What is an IT risk assessment?

IT risk assessment refers to the process of identifying and mitigating the risks and threats that can compromise a company’s IT infrastructure, network and database.

Globally, cybersecurity has emerged as one of the biggest challenges facing corporations, and discussions on how to prevent and defend against cyberthreats have been a focal point of MSPs and IT teams this year. Knowing which cyberthreats your business is most vulnerable to will help you improve your security setup, invest in the right tools and take preventative steps to stop a major breach or incident.

Nonetheless, IT risk assessment isn’t just confined to cybersecurity. Hardware or software failure, backup and recovery problems, physical damage to devices or any other factor that could negatively affect IT infrastructure and disrupt business operations is included in the IT risk assessment plan.

In a nutshell, an IT risk assessment involves examining all the IT assets of your company or customers to identify each one’s vulnerabilities and the threats most likely to harm them. It also involves assessing the potential loss or damage to the business should any of these assets be compromised, and developing a plan to mitigate or contain any threats should they occur.

What is the purpose of an IT risk assessment?

The risk profile of every company varies based on factors such as industry, location and database. Moreover, these factors also govern how organizations set up their IT infrastructure as well as the rules and compliance requirements that must be followed. IT risk assessments help companies not only protect themselves against cybercrime or other IT infrastructure-related failures, but also ensure compliance with government-mandated regulations.

IT risk assessments are designed to assist companies in identifying challenges in a systematic manner, so the right solution can be put in place.

Why is an IT risk assessment important?

The aim of an IT risk assessment plan is to identify weaknesses and loopholes in your company’s IT infrastructure so that you can take remedial measures to close them before they become a bigger issue or are exploited by internal or external threat actors.

You can collect a great deal of data about your IT assets and setup using the risk assessment process, which facilitates better decision-making and allows you to determine the appropriate IT budget.

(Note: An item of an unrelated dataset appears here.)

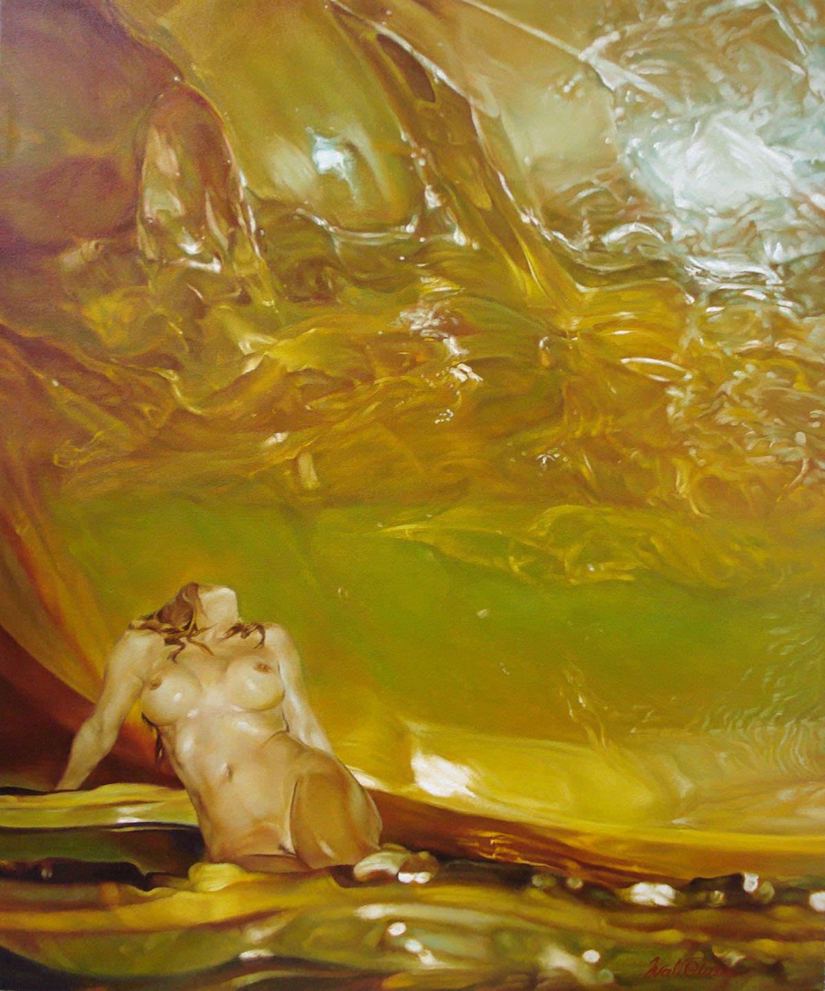 Obraz otacza nas burzą złota, ciepłych żółci i sepii. Wygląda na to, że postać wykuta w kamieniu, nagle uległa delikatnemu rozpuszczeniu, wtapiając się w otoczenie jak wosk pod gorącym słońcem. Kompozycja jest interesująca – figura zajmuje dolny lewy róg, a reszta płótna pochłania ją niczym ocean pełen dynamicznych fal kolorów. Światło tańczy po powierzchni, przyciągając wzrok ku centrum malowidła. Ale czy to miejsce jest prawdziwe? A może to tylko sen? Atmosfera zdaje się być jednocześnie spokojna i niepokojąca, jakby coś wisi w powietrzu. Może tajemnicza opowieść. Nadrealizm tej sceny przywodzi na myśl prace Dalí'ego – surreality in its fullest form. Użycie grubej, dynamicznej faktury sprawia, że obraz niemalże pulsuje jak żywy organizm. Emocje, jakie wywołuje ten obraz, przypominają mi letnie popołudnia, kiedy czas płynie wolniej. Wygląda trochę jak bajka, którą można by opowiedzieć dziecku. Patrząc na tę artystyczną kreację, można zanurzyć się w refleksjach o naturze ludzkiej kruchości i pięknie. Tak jakby ten obraz mówił: „Znajdź swoją harmonię w chaosie świata.” Jest coś nieuchwytnego w sposobie, w jaki artysta użył barw, aby stworzyć wrażenie nieskończoności i zastanawiające, czy to perspektywa przejścia do innego wymiaru.

The following are some benefits of an IT risk assessment:

Understanding your risk profile: Once you determine which risks you are subject to and why, you can formulate a well-considered battle plan to minimize the impact of even high-impact threats.

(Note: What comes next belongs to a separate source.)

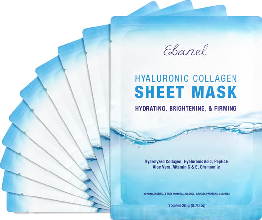 Ebanel 10 Pack Collagen Face Mask with Hyaluronic Acid, Vitamin C, Peptide, Aloe, Instant Brightening Hydrating Face Masks Skincare Korean Sheet Mask, Skin Firming, Lifting Anti Aging Facial Masks

Evaluating existing security controls and tools: In some form or another, all companies have a security system in place. IT risk assessments allow you to evaluate your security strategy and tools and determine their effectiveness against the threats to which your business is vulnerable. Then you can identify what needs to be improved within your business and what threat intelligence tools would be most suitable.

Lower downtimes: Productivity is negatively impacted by server and application downtime. Risk assessments are not only used to identify security risks but also to monitor the health and functionality of devices. This is done so that they can be updated and upgraded regularly, thereby reducing the amount of downtime an organization experiences.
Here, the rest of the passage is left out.